The square of the Catalan sequence
Yesterday I went to a talk by Val Tannen about his work on "provenance semirings".

The idea is that when you calculate derived data in a database, such as a view or a selection, you can simultaneously calculate exactly which input tuples contributed to each output tuple's presence in the output. Each input tuple is annotated with an identifier that says who was responsible for putting it there, and the output annotations are polynomials in these identifiers. (The complete paper is here.)

A simple example may make this a bit clearer. Suppose we have the following table R:
R
a a
a b
a c
b c
c e
d e
We'll write R(p, q) when the tuple (p, q) appears in this table. Now consider the join of R with itself. That is, consider the relation S where S(x, z) is true whenever both R(x, y) and R(y, z) are true:

S
a a
a b
a c
a e
b e
Now suppose you discover that the R(a, b) information is untrustworthy. What tuples of S are untrustworthy?
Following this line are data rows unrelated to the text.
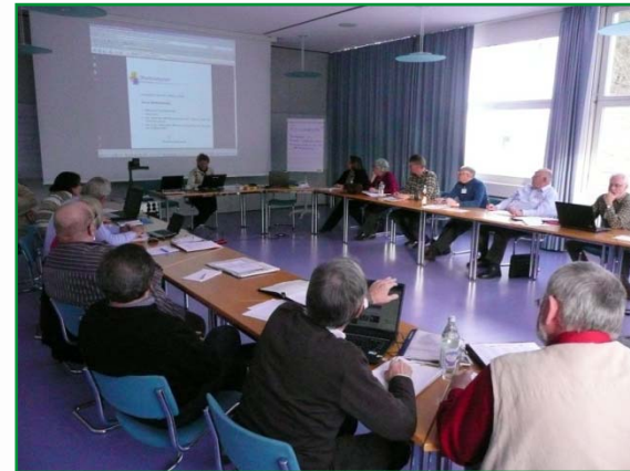
Seminar in Bad Urach, Februar 2010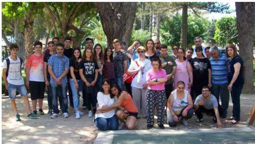
Τον δημόσιο κήπο επισκέφθηκαν οι μαθητές και οι μαθήτριες της Σχολής μαζί με μέλη της Πρόσβασης.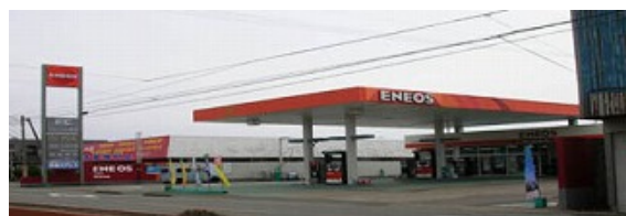
【ガソリンスタンド】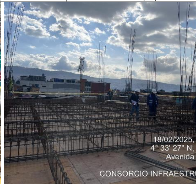
Armado de placa doble altura 18/02/2025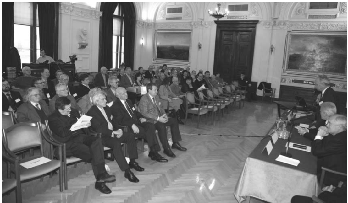
Будапешт, 3–7 декабря. Дни ОИЯИ в Венгрии в рамках сотрудничества ОИЯИ с Венгерской академией наук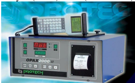
(Gambar 4 : OPAX 2000 II SMOKEMETER)

Digunakan untuk Alat Uji Emisi Gas Buang kendaraan bermotor roda empat (4) atau lebih yang menggunakan Bahan Bakar Minyak (BBM) Solar ( Diesel Fuel ).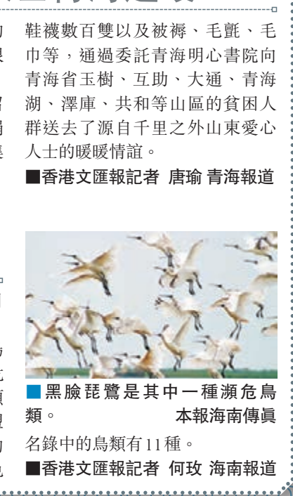
黑臉琵鷺是其中一種瀕危鳥類。

物種總數的34.2%，海南島鳥類目佔中國鳥類目的83.3%。在珍稀瀕危鳥類方面，海南島共有84種鳥被列入各種珍稀瀕危名錄中，其中國家重點保護鳥類77種，被列入世界自然保護聯盟IUCN瀕危及以上等級紅色名錄的鳥類有5種，被列入中國物種紅色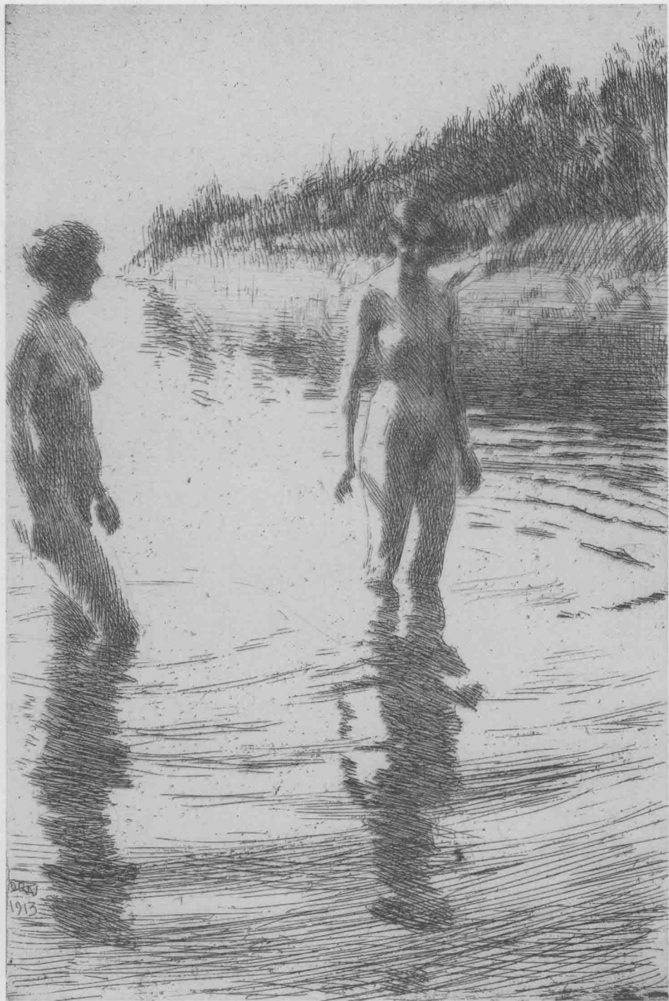
水中的两个女人 1913年 铜版画 29.9cm × 19.8cm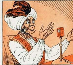
I diàriament el patge us envia el seu missatge: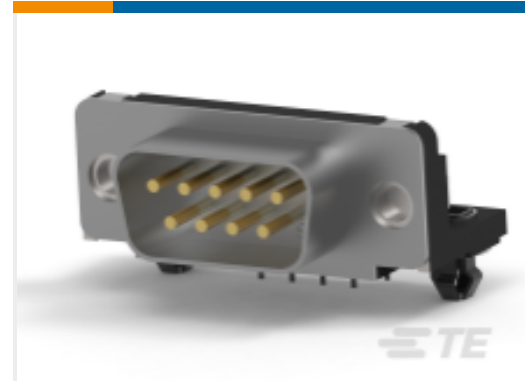
TE 系列/零件编号 5788792-1 09 HTMSFL PLUG RA 318 (IN, BL)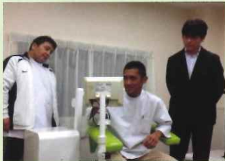
〈リハビリ研修の様子〉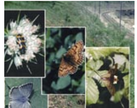
Werk Hüntwangen: Schmetterlinge Site de Hüntwangen : papillons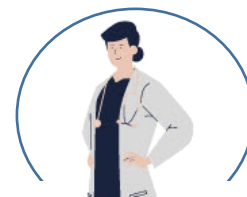
Atención médica preventiva

Mascarilla, alcohol en gel, guantes, desinfectante de zapatos, uso de lentes y control de temperatura al ingresar a las oficinas.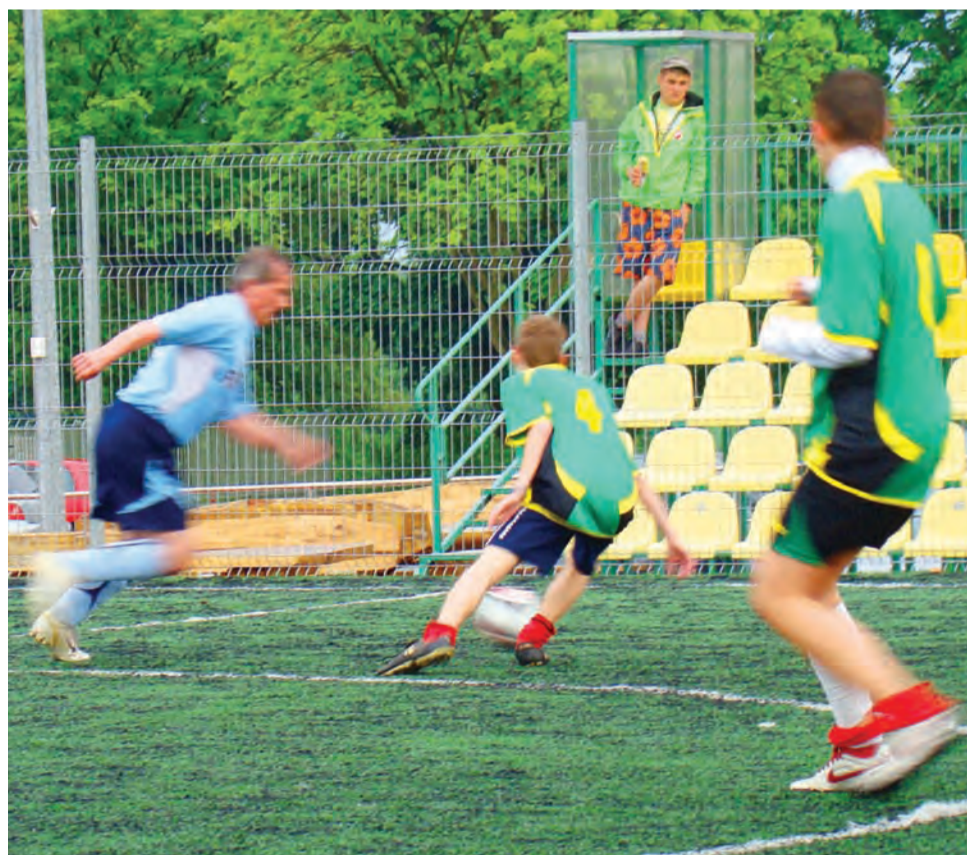
Piłkarze WZS Stryków tym razem nie musieli rozgrywać spotkania, by zainkasować komplet punktów. Drużyna Straży Pożarnej z Brzeziny nie stawiała się na mecz. Zatem Arka Brzeziny ma nadal 2 pkt. straty do WZS.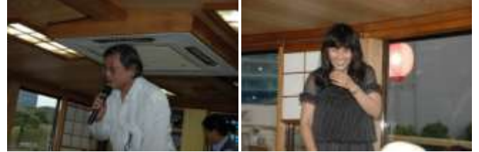
なぜ写真が2枚になるのか？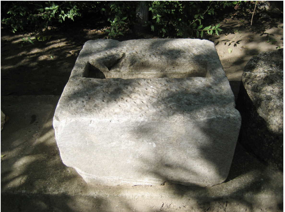
Рис. 1 та 2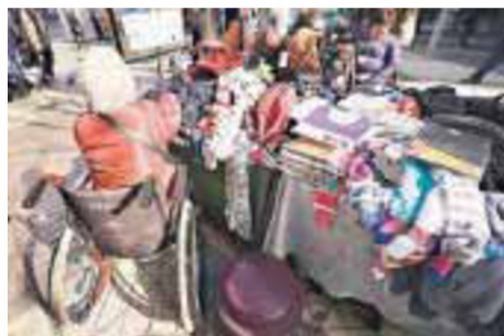
Trabajador con discapacidad.

licita que las personas en situación de discapacidad que hayan cursado educación especial, sean admitidas para postular a vacantes del Estado, ya que hoy se exige haber cursado mínimo enseñanza media. Otro tema es que las empresas que tienen contratadas a personas con discapacidad puedan celebrar un número limitado de contra-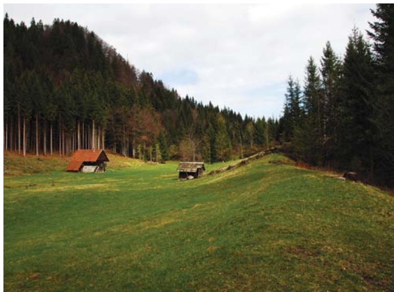
Slika 2: Bočni morenski nasip Bohinjskega ledenika na območju planine Slamniki.

Lega Slovenije na stiku velikih evropskih naravnogeografskih makroregij ter njeno razgibano in dinamično površje sta dva osnovna razloga, ki sta v preteklosti človeku predstavljala glavno oviro pri poselitvi in pri razvoju različnih dejavnosti. Poznavanje sprememb podnebja, razvoja površja in posledično hidrografske mreže ter rabe tal na eni strani ter poznavanje razvoja poselitve in človekovih dejavnosti na drugi strani omogoča razumevanje odvisnosti človeka od pogojev v geografskem okolju, hkrati pa odkriva načine njegovega prilagajanja spremembam v okolju. Niz preteklih klimatskih anomalij in dinamike razvoja površja je dober indikator klimatskih dinamik in nasploh preoblikovanja naravnega okolja Slovenije v prihodnosti. Prav pogled v prihodnost v obliki scenarijev prilagajanja in načrtovanja človekovih dejavnosti je dodana vrednost potekajočega projekta.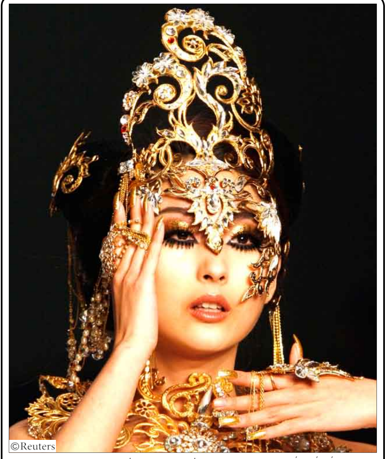
فتاة تعرض زياً صينياً فلكلورياً من تصميم "جو بياي" في حفل الأزياء الذي أقيم في مدينة هونغ كونغ أمس.

ليس القصد الإساءة لعلماء اليمن أو التشهير بهم، لكن السؤال هو ما الفرق بين ما يقولونه اليوم، وما قالته طالبان الملا عمر، عندما دافعت عن أسامة بن لادن، وعرضت أفغانستان وأهلها لمزيد من الدمار والحروب؛ أوليس الأجدى هو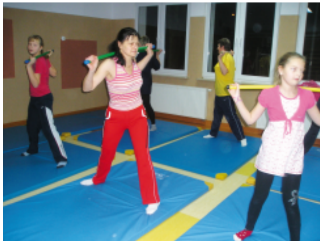
Zajęcia gimnastyczne w wietlicy Wiejskiej w Małowidzu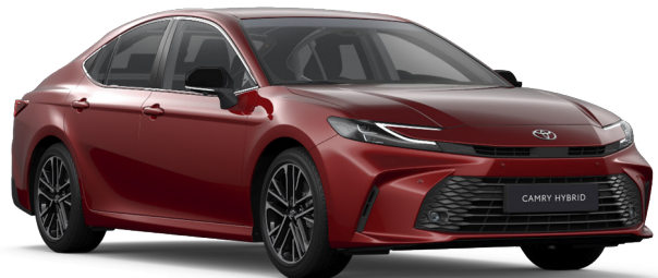
3U9 Érzéki vörös Egyedi 350 000 Ft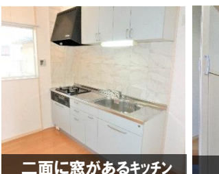
二面に窓があるキッチン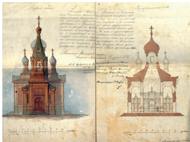
Рис. 2. Васкнарва, Эстония. Ильинская церковь. Проект. Фрагмент. Архитектор И.П. Маас 1867–1873 годы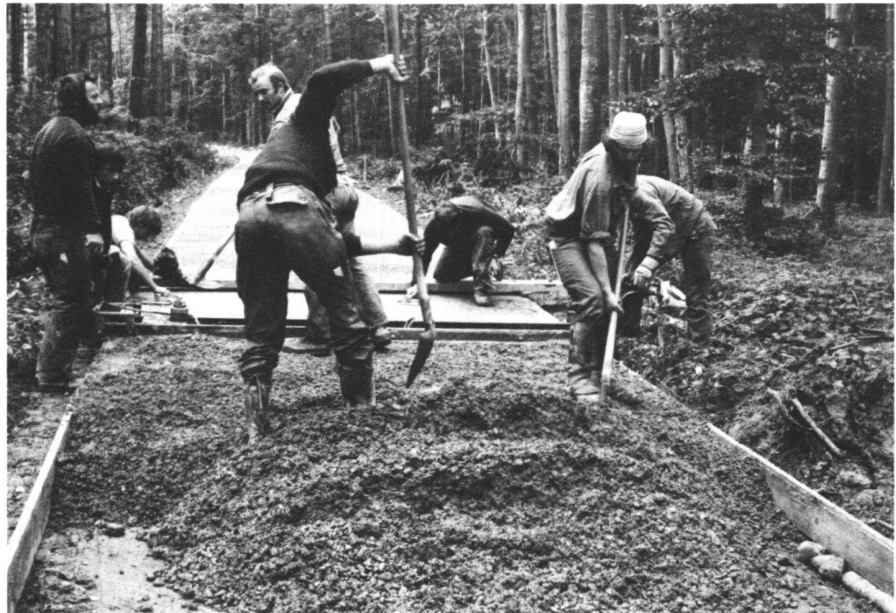
Abb. 5 Die Schüler der Interkantonalen Försterschule in Lyss bildeten beim Betonwegebau in Chabrey (Kanton Waadt) die Arbeitsequipen und stellten abwechslungsweise auch die Bauführung. Sie führten sämtliche Arbeiten, wie erstellen des Planums, stellen der Schalung, verteilen des Frischbetons, bedienen der Doppelrüttelbohle, verdichten und nacharbeiten des Betons, Einbau der Fugendübel und der Fugenstreifen wie auch das Aufräumen mit Besen und Nachbehandeln des Betons, selbst aus. Die Doppelrüttelbohle wird auf der Seitenschalung von zwei Mann langsam über den zu verdichtenden Frischbeton gezogen. Sie verdichtet den Beton in seiner ganzen Stärke von 18 Zentimeter.

Die Schalung (Bretterbreite 1 Zentimeter geringer als Betonstärke) wird auf das vorbereitete Planum gestellt und fixiert. Der Belag folgt dem Profil des Bodens. Das Quergefälle ist zu berücksichtigen, das Längsgefälle folgt den im Forstwegbau üblichen Vorschriften.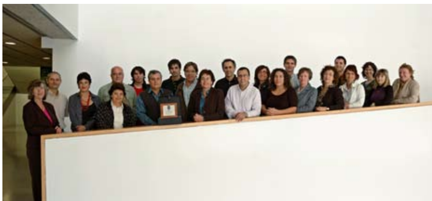
Una part del professorat de la Facultat de Ciències Humanes, Traducció i Documentació amb el premi.

El premi està dotat amb 20.000 euros. Les candidatures a la Distinció Vicens Vives les presenten els Consells Socials de les universitats públiques, o òrgans equivalents de les privades, a través de la Secretaria del Consell Interuniversitari de Catalunya (CIC).

If you annotate the tuples of R with identifiers like this:

R 
a a u
a b v
a c w
b c x
c e y
d e z
then the algorithm in the paper calculates polynomials for the tuples of S like this:
S 
a a u2
a b uv
a c uw + xv
a e wy
b e xy
If you decide that R(a, b) is no good, you assign the value 0 to v, which reduces the S table to:

S 
a a u2
a b 0
a c uw
a e wy
b e xy
So we see that tuple S(a, b) is no good any more, but S(a, c) is still okay, because it can be derived from u and w, which we still trust.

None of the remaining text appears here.